:: Source records ::
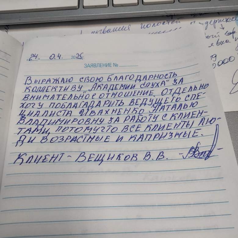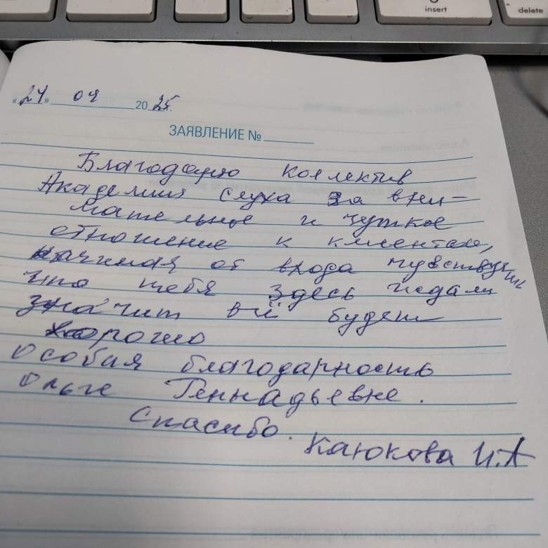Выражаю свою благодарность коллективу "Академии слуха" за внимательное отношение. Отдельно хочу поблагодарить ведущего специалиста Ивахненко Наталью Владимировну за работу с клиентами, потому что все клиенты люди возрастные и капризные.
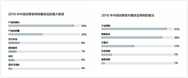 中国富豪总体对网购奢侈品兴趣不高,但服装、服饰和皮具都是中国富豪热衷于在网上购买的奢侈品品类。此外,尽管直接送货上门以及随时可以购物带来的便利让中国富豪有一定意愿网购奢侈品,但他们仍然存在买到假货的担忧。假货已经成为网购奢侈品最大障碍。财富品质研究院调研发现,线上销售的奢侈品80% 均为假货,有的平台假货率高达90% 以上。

--

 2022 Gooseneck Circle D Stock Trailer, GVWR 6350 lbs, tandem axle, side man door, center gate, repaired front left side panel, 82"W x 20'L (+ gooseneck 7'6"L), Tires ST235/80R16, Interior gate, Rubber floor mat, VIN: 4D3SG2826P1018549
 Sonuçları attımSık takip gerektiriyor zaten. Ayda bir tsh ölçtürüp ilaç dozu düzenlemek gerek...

--

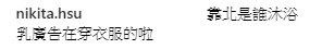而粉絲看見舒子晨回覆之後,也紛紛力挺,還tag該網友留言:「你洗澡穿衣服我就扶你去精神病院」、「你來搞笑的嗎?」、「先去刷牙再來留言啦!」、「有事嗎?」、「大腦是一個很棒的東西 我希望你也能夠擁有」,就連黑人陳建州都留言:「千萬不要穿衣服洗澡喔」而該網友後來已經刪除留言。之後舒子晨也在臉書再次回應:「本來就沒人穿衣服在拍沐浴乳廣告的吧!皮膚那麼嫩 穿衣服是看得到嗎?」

:: Work instructions ::
Reproduce the lines above, beginning at the line with "2022 Gooseneck Circle" and stopping after the line with "Sonuçları attımSık takip", exactly as they are.

:: Output below ::
 2022 Gooseneck Circle D Stock Trailer, GVWR 6350 lbs, tandem axle, side man door, center gate, repaired front left side panel, 82"W x 20'L (+ gooseneck 7'6"L), Tires ST235/80R16, Interior gate, Rubber floor mat, VIN: 4D3SG2826P1018549
 Sonuçları attımSık takip gerektiriyor zaten. Ayda bir tsh ölçtürüp ilaç dozu düzenlemek gerek...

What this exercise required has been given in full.